- **Your objective**
Output the entries word for word. Omit images.

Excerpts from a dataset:
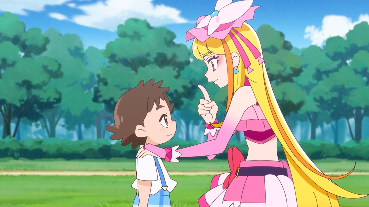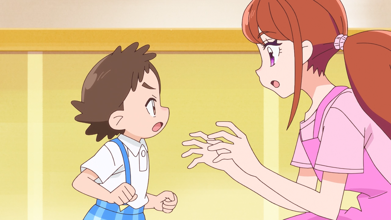Aside from that, I have to laugh at the bit when Tsubasa was going on about how they need to keep their identities a secret. I mean, hate to break it to you, but Sora already blew her cover in first episode. Honestly more surprised that it wasn’t been brought up more often, even though they are clearly trying to feign ignorance and pretend it’s not the case. Nevertheless, Ageha is the next one in the party to sort of reveal herself when she rescued one of the nursery kids who was a huge fan of Tsubasa, and now is equally a fan of her after seeing her become a Precure right before his very eyes. (Well isn’t he a lucky fan?)
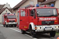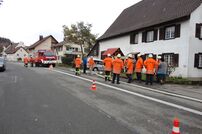 Nach Eintreffen des LF 8 aus Büßlingen rüstete sich der Angriffstrupp mit Atemschutz aus. Vom Wasser- und Schlauchtrupp wurde die Wasserversorgung aufgebaut.
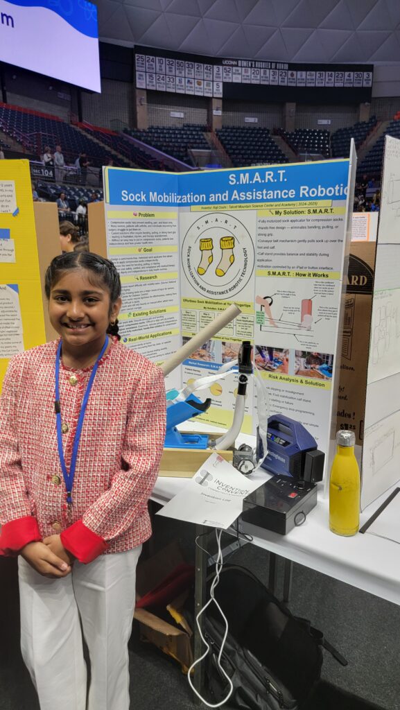 Raji’s invention, SMART—Sock Mobilization and Assistance Robotic Technology—makes wearing compression socks easier for seniors and individuals with limited mobility. Inspired by her grandmother’s struggles with arthritis, Raji designed a device that allows users to place their foot in a sock, press a button, and have the sock pulled up automatically via a conveyor belt mechanism.
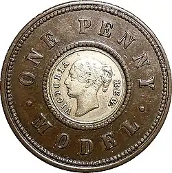 The 1844 Victoria One Penny Model was a model coin issued by Birmingham medallist Joseph Moore (1817–1892) between 1844 and 1848, during a period in which the British Government were considering the notion of replacing the heavy copper coinage then in use.
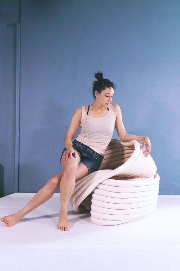 Stol, ki spominja na žvečilko Kiklopa, namreč povzbudzuje uporabnika, da sam poišče in ustvari najbolj ugodno lego in mu ne že vnaprej diktira, kaj je tista prava, zdrava pozicija po črki ergonomije– zravnana drža pa te fore. Gnetljivost te 6-metrske platnene strukture omogoča ‘nadev’ iz ryža, zato lahko ugnesete konfiguracijo, ki vam dani trenutek najbolj pasuje.
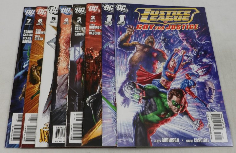 Justice League: Cry for Justice #1-7 is published by DC. Written by James Robinson. Illustrated by Mauro Cascioli. Complete series + variantSeller Information
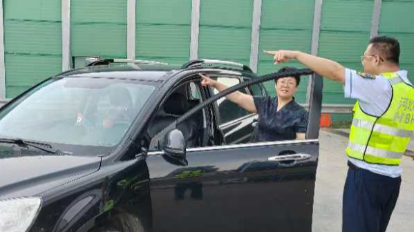 2024年8月16日10时41分,一辆小轿车驶出燕郊西收费站停靠在外广场,正在广场巡视的工作人员随即上前询问情况。
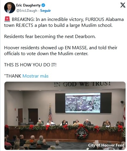 This tweet (screenshot here) came from The Gateway Pundit, but I am LOATH to link to its Gateway Hispanic posts*. You can watch or read here about the plans to move Moslem school and community center from nearby Homewood to Hoover.
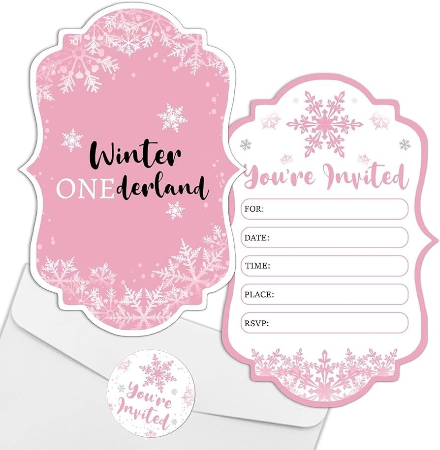 Amazon REWIDPARTY Winter Onederland Party Invitations With Envelopes Stickers Set Of 15 Pink Snowflake Shaped Fill in Invitations Girl 1st Birthday Party Invites Winter Wonderland Holiday Party Supplies Home Kitchen
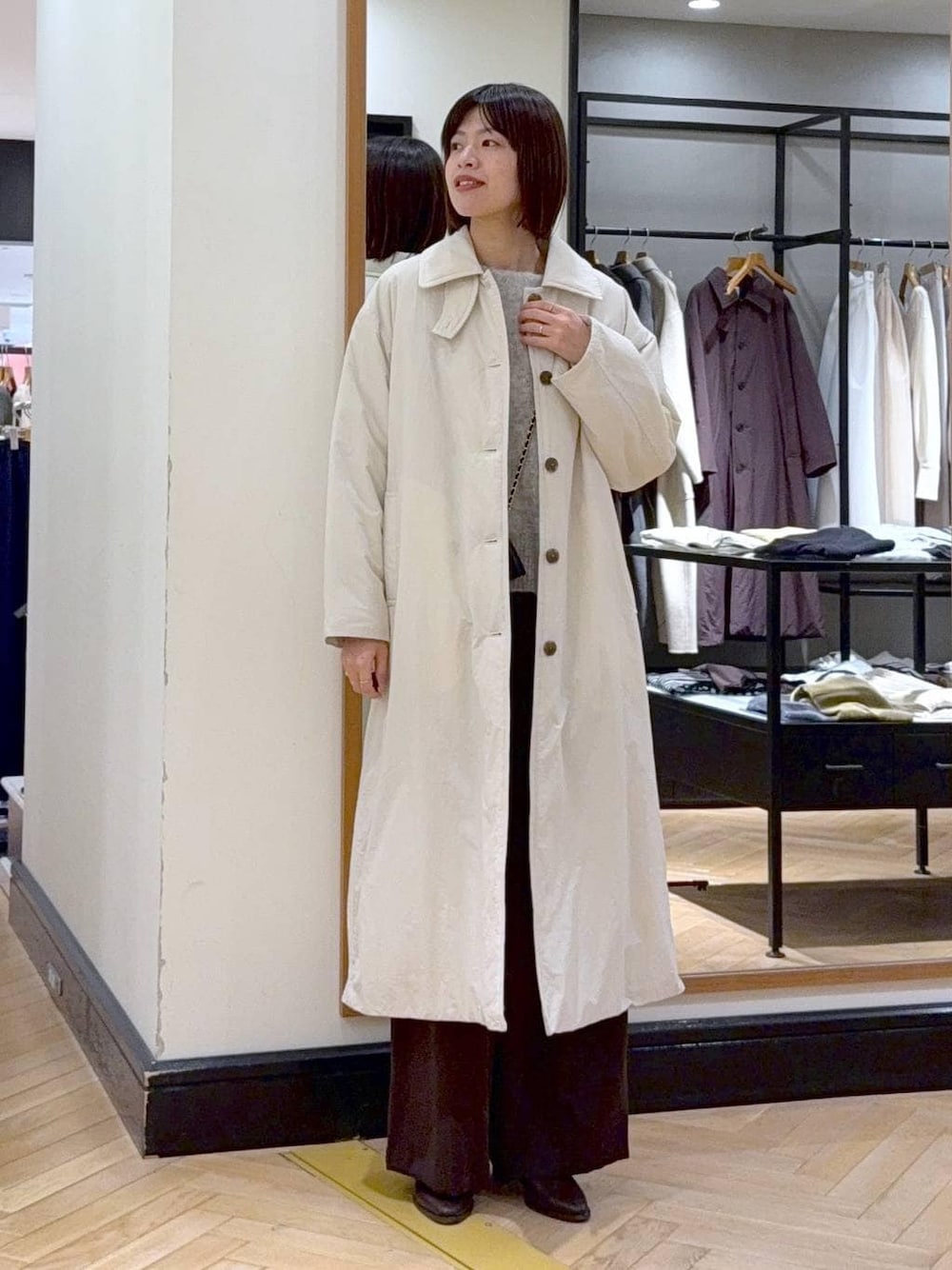 【アウター】 軽くてあたたかいエアーサーマルシリーズ! スタンドカラーになるのも今年ぽい♡ 撥水加工つき☃️ 【WEB限定ニット】 シンプルであわせやすいデザインが着回し力高め🧶 ヒップ隠れる着丈で安心感もあります!! 【パンツ】 サラサラとした履き心地でオールシーズン対応可! ウエストは後のみゴム仕様で履きやすさも◎ 170cmの私でも着丈長めに履けて嬉しい♡ 着用アイテムはこちらからご覧いただけます♡ ⇩⇩⇩ぜひチェックしてみてください☺︎

- **Answer area**
Aside from that, I have to laugh at the bit when Tsubasa was going on about how they need to keep their identities a secret. I mean, hate to break it to you, but Sora already blew her cover in first episode. Honestly more surprised that it wasn’t been brought up more often, even though they are clearly trying to feign ignorance and pretend it’s not the case. Nevertheless, Ageha is the next one in the party to sort of reveal herself when she rescued one of the nursery kids who was a huge fan of Tsubasa, and now is equally a fan of her after seeing her become a Precure right before his very eyes. (Well isn’t he a lucky fan?)
 Nach Eintreffen des LF 8 aus Büßlingen rüstete sich der Angriffstrupp mit Atemschutz aus. Vom Wasser- und Schlauchtrupp wurde die Wasserversorgung aufgebaut.
 Raji’s invention, SMART—Sock Mobilization and Assistance Robotic Technology—makes wearing compression socks easier for seniors and individuals with limited mobility. Inspired by her grandmother’s struggles with arthritis, Raji designed a device that allows users to place their foot in a sock, press a button, and have the sock pulled up automatically via a conveyor belt mechanism.
 The 1844 Victoria One Penny Model was a model coin issued by Birmingham medallist Joseph Moore (1817–1892) between 1844 and 1848, during a period in which the British Government were considering the notion of replacing the heavy copper coinage then in use.
 Stol, ki spominja na žvečilko Kiklopa, namreč povzbudzuje uporabnika, da sam poišče in ustvari najbolj ugodno lego in mu ne že vnaprej diktira, kaj je tista prava, zdrava pozicija po črki ergonomije– zravnana drža pa te fore. Gnetljivost te 6-metrske platnene strukture omogoča ‘nadev’ iz ryža, zato lahko ugnesete konfiguracijo, ki vam dani trenutek najbolj pasuje.
 Justice League: Cry for Justice #1-7 is published by DC. Written by James Robinson. Illustrated by Mauro Cascioli. Complete series + variantSeller Information
 2024年8月16日10时41分,一辆小轿车驶出燕郊西收费站停靠在外广场,正在广场巡视的工作人员随即上前询问情况。
 This tweet (screenshot here) came from The Gateway Pundit, but I am LOATH to link to its Gateway Hispanic posts*. You can watch or read here about the plans to move Moslem school and community center from nearby Homewood to Hoover.
 Amazon REWIDPARTY Winter Onederland Party Invitations With Envelopes Stickers Set Of 15 Pink Snowflake Shaped Fill in Invitations Girl 1st Birthday Party Invites Winter Wonderland Holiday Party Supplies Home Kitchen
 【アウター】 軽くてあたたかいエアーサーマルシリーズ! スタンドカラーになるのも今年ぽい♡ 撥水加工つき☃️ 【WEB限定ニット】 シンプルであわせやすいデザインが着回し力高め🧶 ヒップ隠れる着丈で安心感もあります!! 【パンツ】 サラサラとした履き心地でオールシーズン対応可! ウエストは後のみゴム仕様で履きやすさも◎ 170cmの私でも着丈長めに履けて嬉しい♡ 着用アイテムはこちらからご覧いただけます♡ ⇩⇩⇩ぜひチェックしてみてください☺︎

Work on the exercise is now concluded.